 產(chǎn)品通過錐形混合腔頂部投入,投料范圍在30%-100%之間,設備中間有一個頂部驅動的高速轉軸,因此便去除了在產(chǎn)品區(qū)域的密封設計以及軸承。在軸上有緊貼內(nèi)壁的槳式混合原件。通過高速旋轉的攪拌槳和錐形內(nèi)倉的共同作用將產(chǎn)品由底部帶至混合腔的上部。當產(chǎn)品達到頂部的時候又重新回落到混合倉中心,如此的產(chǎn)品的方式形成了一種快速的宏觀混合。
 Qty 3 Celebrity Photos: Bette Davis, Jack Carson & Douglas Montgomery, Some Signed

--

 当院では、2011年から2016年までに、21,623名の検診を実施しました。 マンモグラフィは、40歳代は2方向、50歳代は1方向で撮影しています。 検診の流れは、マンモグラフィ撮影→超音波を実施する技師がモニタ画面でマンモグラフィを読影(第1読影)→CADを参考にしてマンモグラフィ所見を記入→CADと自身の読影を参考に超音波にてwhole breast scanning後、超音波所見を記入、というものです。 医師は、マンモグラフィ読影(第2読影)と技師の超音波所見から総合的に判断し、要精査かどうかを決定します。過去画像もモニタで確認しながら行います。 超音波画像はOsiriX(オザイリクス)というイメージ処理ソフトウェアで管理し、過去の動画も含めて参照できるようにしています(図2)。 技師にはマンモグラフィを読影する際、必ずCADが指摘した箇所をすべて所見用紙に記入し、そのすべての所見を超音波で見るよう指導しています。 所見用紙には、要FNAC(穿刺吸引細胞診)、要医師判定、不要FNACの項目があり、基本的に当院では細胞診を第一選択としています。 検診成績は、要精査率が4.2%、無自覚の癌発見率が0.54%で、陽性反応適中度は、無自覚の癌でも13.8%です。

_Problem statement:_ Each line in the entries above, starting at the line with "產(chǎn)品通過錐形混合" and ending at the line with "Qty 3 Celebrity", is to be printed exactly, and only those lines.

_Task answer:_
 產(chǎn)品通過錐形混合腔頂部投入,投料范圍在30%-100%之間,設備中間有一個頂部驅動的高速轉軸,因此便去除了在產(chǎn)品區(qū)域的密封設計以及軸承。在軸上有緊貼內(nèi)壁的槳式混合原件。通過高速旋轉的攪拌槳和錐形內(nèi)倉的共同作用將產(chǎn)品由底部帶至混合腔的上部。當產(chǎn)品達到頂部的時候又重新回落到混合倉中心,如此的產(chǎn)品的方式形成了一種快速的宏觀混合。
 Qty 3 Celebrity Photos: Bette Davis, Jack Carson & Douglas Montgomery, Some Signed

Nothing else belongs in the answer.